The means for forming such a porous body is not particularly limited, but, for example, (1) needles are inserted into and removed from a large number of places of the calcium phosphate paste, and then cured to form a porous body. Form the body. (2) Calcium phosphate paste is extruded into a fibrous shape with an extruding device or the like and cured as it is, or the fibrous extruded paste is made into a net shaped body and then cured to form a porous body. (3) After the calcium phosphate paste is filled into a mold or the like having a hole forming means such as a protrusion capable of forming holes continuous on the surface and having a hole diameter of a predetermined value and then cured, and then cured, The mold is removed to form a porous body.
(4) Calcium phosphate-based granules obtained by shaping a hardened body of calcium phosphate paste into granules and calcium phosphate paste are mixed together, or calcium phosphate powder granules obtained by shaping calcium phosphate-based powder into granules are mixed with a hardening liquid. Then, it is hardened to form a porous body having pores in the granules.

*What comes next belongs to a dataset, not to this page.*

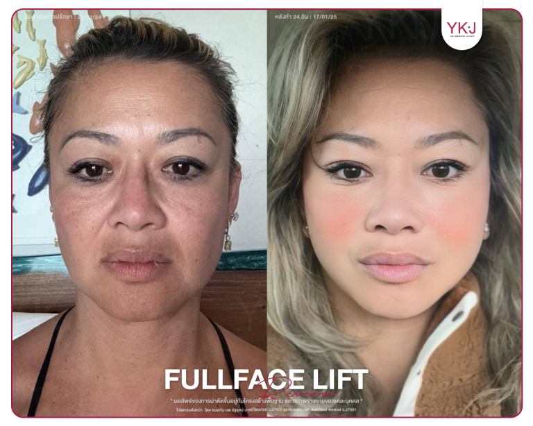 โปรแกรมผ่าตัดดึงหน้า (Facelift) คือ การผ่าตัดศัลยกรรมเพื่อกระชับและตกแต่งกล้ามเนื้อบนผิวหน้าให้กลับมาอยู่ในตําแหน่งที่เหมาะสม ปรับผิวให้ดูเต่งตึง ขจัดปัญหาความหย่อนคล้อย ผิวเหี่ยวย่น รวมถึงปัญหาริ้วรอยร่องลึกบนผิวหน้าให้หายไปอย่างรวดเร็ว ที่ YKJ Medical Clinic เรามีการดึงหน้าเทคนิคขั้นสูง Deep Plane Facelift ซึ่งเป็นการดึงหน้าชั้นลึกกว่า SMAS ให้ผลลัพธ์ที่ดีกว่า และยาวนานกว่า

When the porous body is formed by the means (1), the diameter of the formed pores can be adjusted by changing the diameter of the needle. In addition, the porosity can be adjusted by the number of times the needle is inserted and removed.
When the porous body is formed by the means of the above (2), the radial dimension and the porosity of the formed pores can be adjusted by the size and shape of the extrusion port of the extrusion device or the like. When the porous body is formed by the means of the above (3), the radial dimension of the formed pores and the porosity can be adjusted by the size, shape, formation density and the like of the hole forming means such as protrusions. . When the porous body is formed by the means of the above (4), the diameter of the pores formed in the radial direction, depending on the particle size of the calcium phosphate-based granules or the calcium phosphate powder granules, and the amount of the calcium phosphate paste or the amount of the hardening liquid, and Porosity can be adjusted.

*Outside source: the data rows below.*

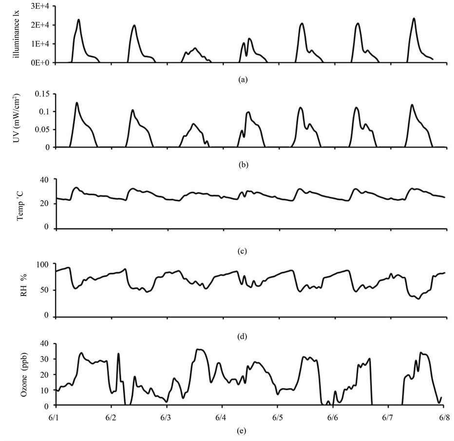 Figure 10. Time series data of daily mean ozone concentrations and meteorological parameters in Kunduchi in June 2013. Figures 10(a)-(e) show daily average illuminance, UV light, temperature, relative humidity, and ozone, respectively.
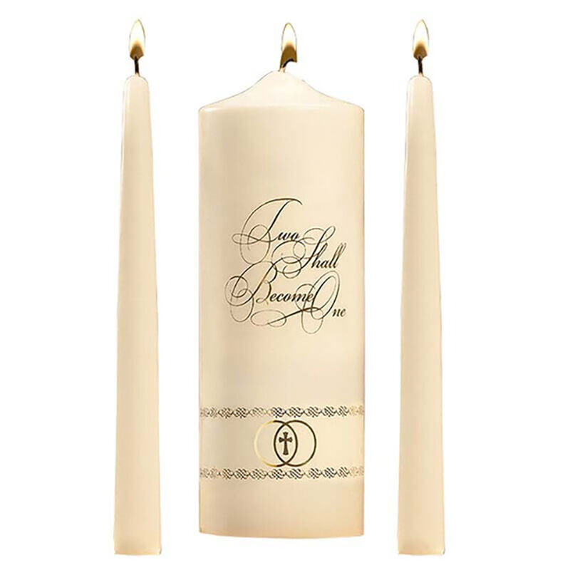 A complete wedding candle set typically includes three coordinated candles that serve distinct liturgical and ceremonial functions during the wedding Mass or service :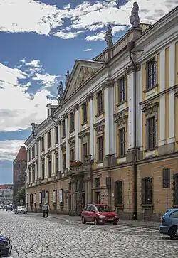 El edificio monumental de la Academia, uno de los monumentos más significativos del barroco austríaco en el territorio de la Polonia contemporánea, fue erigido entre 1726 y 1738, según el proyecto del arquitecto de Viena Joseph Emanuel Fischer von Erlach, y resistió la Segunda Guerra Mundial. Después de 1945 estaba devastado sistemáticamente ya que servía como uno de los muchos cuarteles de las tropas soviéticas estacionadas en Legnica y sus alrededores. No fue hasta 1978 que la parte soviética entregó las instalaciones a la parte polaca. La renovación de la Academia de Caballeros terminó oficialmente a finales de marzo de 2016.[1]

The above-mentioned "calcium phosphate powder" is not particularly limited, and it includes tetracalcium phosphate, anhydrous calcium hydrogen phosphate, calcium hydrogen phosphate hydrate, anhydrous calcium dihydrogen phosphate, calcium dihydrogen phosphate water. Powders such as hydrates, α-tricalcium phosphate and β-tricalcium phosphate can be mentioned. Of these, calcium hydrogen phosphate hydrate is preferable because it has higher solubility than hydroxyapatite and is easily absorbed. Further, as the calcium phosphate-based powder, it is also possible to use one that produces calcium hydrogen phosphate hydrate, octacalcium phosphate, or the like by combining two or more kinds. These calcium phosphate powders may be used alone or in combination of two or more. Further, calcium compound powder containing no phosphorus component such as calcium carbonate may be contained.

Further, the main components of the calcium phosphate-based powder are preferably calcium hydrogenphosphate powder and tetracalcium phosphate powder. The amount ratio of these two kinds of powders is not particularly limited, but it is preferable that the molar ratio is 8/2 to 2/8, particularly 6/4 to 4/6, and more preferably about the same amount. By setting the amount ratio within this range, a paste having a more preferable curing rate can be obtained. The calcium hydrogen phosphate powder means at least one of calcium hydrogen phosphate dihydrate and anhydrous calcium hydrogen phosphate. Further, the main component means that the total amount of calcium hydrogen phosphate powder and tetracalcium phosphate powder is 60 when the calcium phosphate powder is 100% by mass.
Mass% or more, particularly 80 mass% or more, and further substantially 10
It means 0 mass%. When the total content of these two kinds of powders is 60% by mass or more, it is possible to obtain a calcium phosphate paste that has an appropriate curing rate, is excellent in filling property and form imparting property, and is cured at a sufficient speed after filling. it can.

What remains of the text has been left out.